Осень 1882 года в Петербурге не наступала, а вползала в город мокрым, промозглым зверем. Она не окрашивала листву в огненные цвета – она размачивала её в грязно-жёлтые и бурые тона, превращала в липкую, скользкую кашу под ногами. Воздух был насыщен запахами: кисловатым духом Невы, несущей в Финский залив отходы огромного города; угольным дымом с фабричных труб за Обводным каналом; дешёвым табаком, луком и немытой человеческой плотью, что витали над скученными кварталами. Город гудел, как встревоженный улей, но для двенадцатилетнего Лешки этот гул был просто фоном, шумом чужой, несуществующей жизни.
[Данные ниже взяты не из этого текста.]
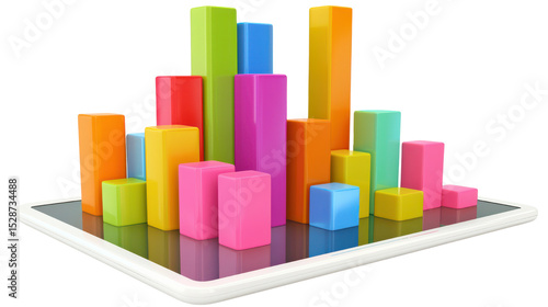 Colorful Bar Graph Displayed on Tablet with Modern Design and Vibrant Blocks for Data Visualization
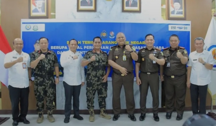 Serah Terima Barang Rampasan Negara berupa 2 Unit Kapal Perikanan dari Dirjen Pengawasan Sumberdaya Kelautan dan Perikanan (DPSKDP) kepada Pemerintah Kabupaten Deli Serdang yang diwakili Sekretaris Daerah di Aula Kantor Pengawasan Sumberdaya Kelautan dan Perikanan (DPSKDP), Rabu (26/11/2025).
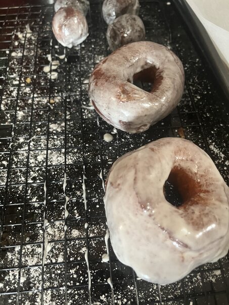 As soon as the movie ended, I got to working on this. We made a full set of regular glazed donuts. These were made with yeast and so they had the typical rising process I'd expect any other kind of bread to undergo. I did burn my finger in the deep fry oil, but it wasn't too bad.
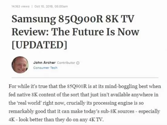 三星量子点8K处理器芯片(Quantum Processor 8K)对于画质的提升也受到了美国著名科技杂志《福布斯》的赞赏,该杂志称“三星QLED 8K电视能够提供令人难以置信的最佳显示效果,在目前原生8K内容缺少的情况下,三星量子点8K处理器芯片(Quantum Processor 8K)可以将今天低于8K的内容(特别是4K)看起来比任何4K电视都要好。”所以8K内容的缺失已经不再是8K电视普及的障碍。
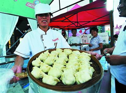 “啤酒城的人气确实不错,我们在这里一个摊位每天销量顶上了胶州两个店面。”刘玉秀美滋滋地说,因为他们的包子使用了胶州大白菜和里岔黑猪肉,因为口感不错,很多外地游客点名来买姜记包子。昨天,刘玉秀现场搞了一个特价,10元钱卖5个包子,结果一刻钟两笼包子全都销售一空,其中来自胶州的市民曾先生一下子买了30元钱的包子。“我们已经决定了,明年的啤酒节我们还要来参节,让我们姜记大包的名气再大一些。”刘玉秀说。
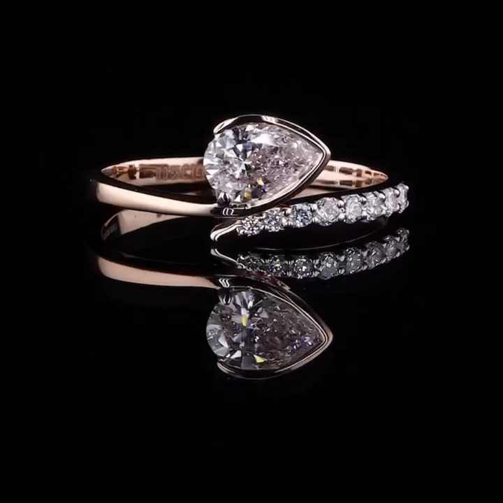 แหวนเพชรทรงลูกแพร์ 1.00 กะรัต ผลิตในห้องปฏิบัติการ รับรองโดย GIA ทองคำ 14K สีโรสโกลด์ ดีไซน์หรูหรา ของขวัญวาเลนไทน์/หมั้น/แต่งงานสำหรับภรรยา
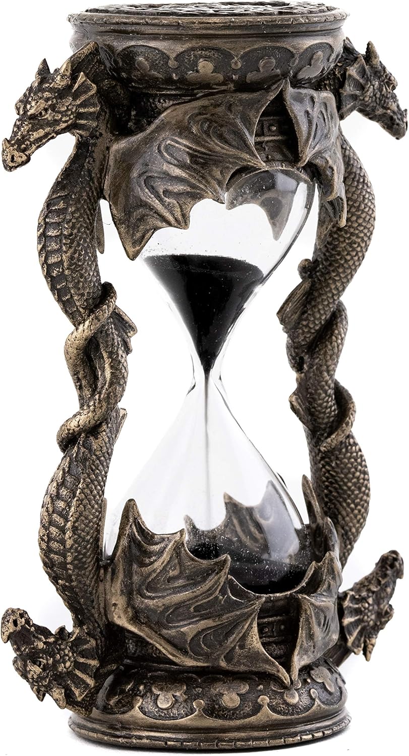 ✔️ EXQUISITE CRAFTSMANSHIP - Premium sculpted cold cast bronze - real bronze powder mixed with resin. Hand-painted in bronze finish to give a high-quality antique look without sacrificing the details. ✔️ MEASURES - 5.75 inches tall, 4 inches wide, and 2.25 inches long. Beautiful transparent glass sand timer to display in your office or bookshelf. Perfect to use this sand clock for any timed board games or fantasy role play. ✔️ UNIQUE PRESENT - Packed in beautiful gift-box ready for any occasion. Ideal for Gothic friends or relatives that love mythical creatures. ✔️ Sand timer empties in five minutes.
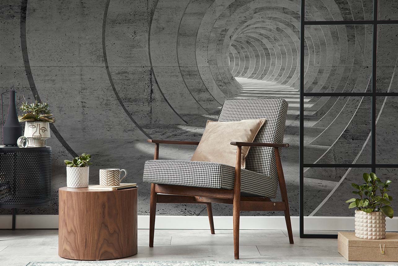 Wer ein eher kleines Wohnzimmer einrichten möchte, der sollte bei der Einrichtung darauf achten, dass die Weite des Raumes optisch vergrößert wird. Andernfalls stellt sich hier schnell ein unangenehmes Gefühl der Enge ein. Mit 3D Tapeten lässt sich die klare Raumbegrenzung durch eine Wand optisch aufbrechen. Ein Beispiel einer solchen 3D Tapete im Wohnzimmer ist ein Tunnelmotiv, welches den Raum optisch streckt. Bei dem verwendeten Fotomotiv kann es sich um einen Tunnel mit hellen und antik anmutenden Säulen, um einen Holztunnel oder ähnliches handeln. Vor dieser Wand ist der ideale Stellplatz des Sofas oder zweier gemütlicher Sessel.
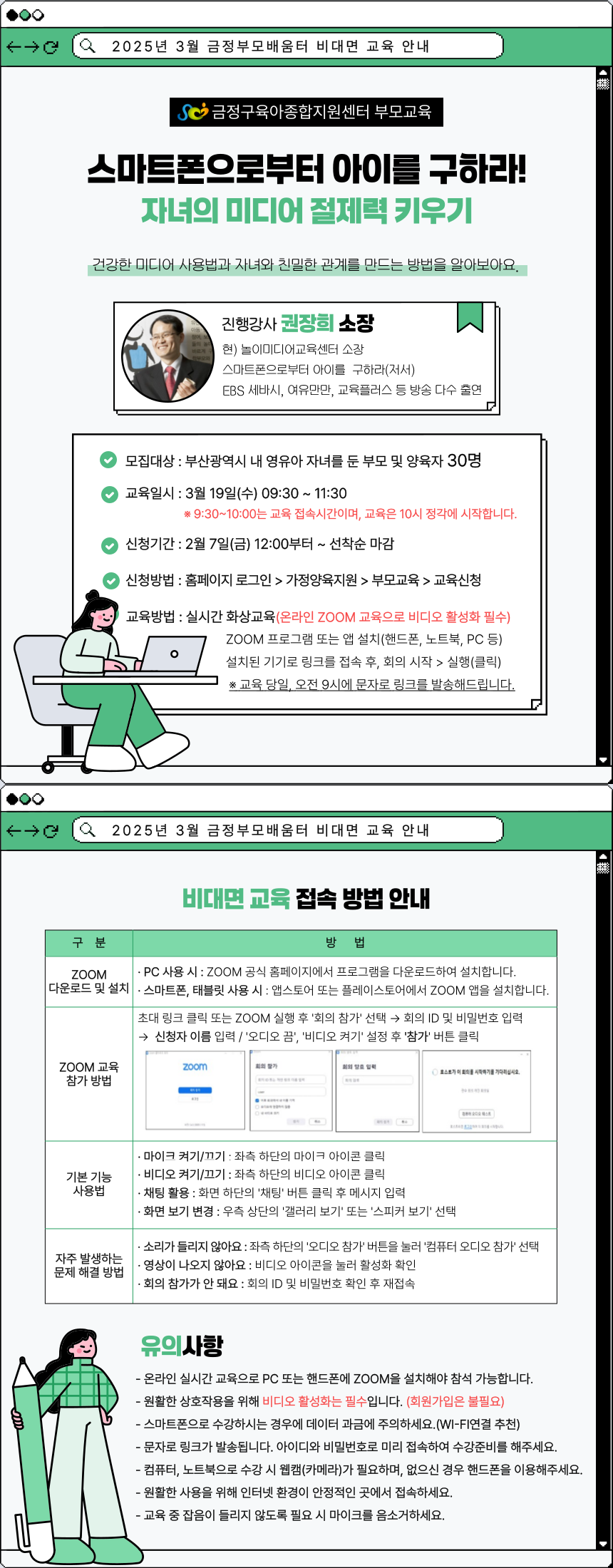 - 교육 당일 오전 9시 문자로 zoom 링크를 보내드립니다.

Его жизнь измерялась не часами, а расстоянием между точками, где можно было согреться и где можно было найти еду. Сегодняшней точкой был берег под пролётом одного из меньших мостов через Неву, недалеко от Смольного. Место было неудачное – открытое всем ветрам, но зато здесь редко появлялась полиция, и не было конкуренции со стороны старших, более сильных «мальчишек с бичами», как называли себя уличные воришки-артельщики. Лешка был одиночкой. Это было его выживанием и его проклятием.

Он сидел, вжавшись спиной в холодный, шершавый камень быка моста, обхватив колени худыми, покрытыми синяками и ссадинами руками. На ногах – обмотки из тряпок, натянутые на стоптанные, разваливающиеся башмаки, найденные полгода назад на помойке. Куртка, когда-то бывшая чьим-то взрослым пиджаком, висела на нем мешком, но под ней было две слоя рубах, также добытых в неравных уличных боях или подобранных. На голове – картуз с оторванным козырьком, плотно прижимавший спутанные, давно не знавшие мыла волосы цвета пакли.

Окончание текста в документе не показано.